I don't blame log4net for this, I blame our crappy code. We spent days troubleshooting these deadlocks by .. wait for it .. adding more logging! Which naturally made the problem worse and even harder to figure out. We eventually were forced to take memory dumps and use dump analysis tools. With the generous assistance of Greg Varveris, we were finally able to identify the culprit: our logging strategy. How ironic. And I mean real irony, not the fake Alanis Morrissette kind.
Although I am a strong believer in logging exceptions, I've never been a particularly big fan of logging in the general "let's log everything we possibly can" sense:
- Logging means more code. If you're using a traditional logging framework like log4net, every logged event is at least one additional line of code. The more you log, the larger your code grows. This is a serious problem, because code is the enemy. Visible logging code is clutter -- like excessive comments, it actively obscures the code that's doing the real work in the application.
- Logging isn't free. Most logging frameworks are fairly efficient, but they aren't infinitely fast. Every log row you write to disk has an overall performance cost on your application. This can also be tricky if you're dissecting complex objects to place them in the log; that takes additional time.
- If it's worth saving to a logfile, it's worth showing in the user interface. This is the paradox: if the information you're logging is at all valuable, it deserves to be surfaced in the application itself, not buried in an anonymous logfile somewhere. Even if it's just for administrators. Logfiles are all too often where useful data goes to die, alone, unloved and ignored.
- The more you log, the less you can find. Log enough things and eventually your logs are so noisy nobody can find anything. It's all too easy to bury yourself in an avalanche of log data. Heck, that's the default: any given computer is perfectly capable of generating more log data than any of us could possibly deal with in our lifetime. The hidden expense here isn't the logging, it's the brainpower needed to make sense of these giant logs. I don't care how awesome your log parsing tools are, nobody looks forward to mining a gigabyte of log files for useful diagnostic information.
- The logfile that cried Wolf. Good luck getting everyone on your team to agree on the exact definitions of FATAL, ERROR, DEBUG, INFO, and whatever other logging levels you have defined. If you decide to log only the most heinous serial-killer mass-murderer type problems, evil has a lot less room to lurk in your logfiles -- and it'll be a heck of a lot less boring when you do look.
So is logging a giant waste of time? I'm sure some people will read about this far and draw that conclusion, no matter what else I write. I am not anti-logging. I am anti-abusive-logging. Like any other tool in your toolkit, when used properly and appropriately, it can help you create better programs. The problem with logging isn't the logging, per se -- it's the seductive OCD "just one more bit of data in the log" trap that programmers fall into when implementing logging. Logging gets a bad name because it's so often abused. It's a shame to end up with all this extra code generating volumes and volumes of logs that aren't helping anyone.
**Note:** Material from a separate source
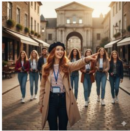
"Le sentier du passé: Guides touristiques dans le centre historique de Vico del Gargano"

We've since removed all logging from Stack Overflow, relying exclusively on exception logging. Honestly, I don't miss it at all. I can't even think of a single time since then that I'd wished I'd had a giant verbose logfile to help me diagnose a problem.
When it comes to logging, the right answer is not "yes, always, and as much as possible." Resist the tendency to log everything. Start small and simple, logging only the most obvious and critical of errors. Add (or ideally, inject) more logging only as demonstrated by specific, verifiable needs.
If you aren't careful, those individual log entries, as wafer thin as they might be, have a disturbing tendency to make your logs end up like the unfortunate Mr. Creosote.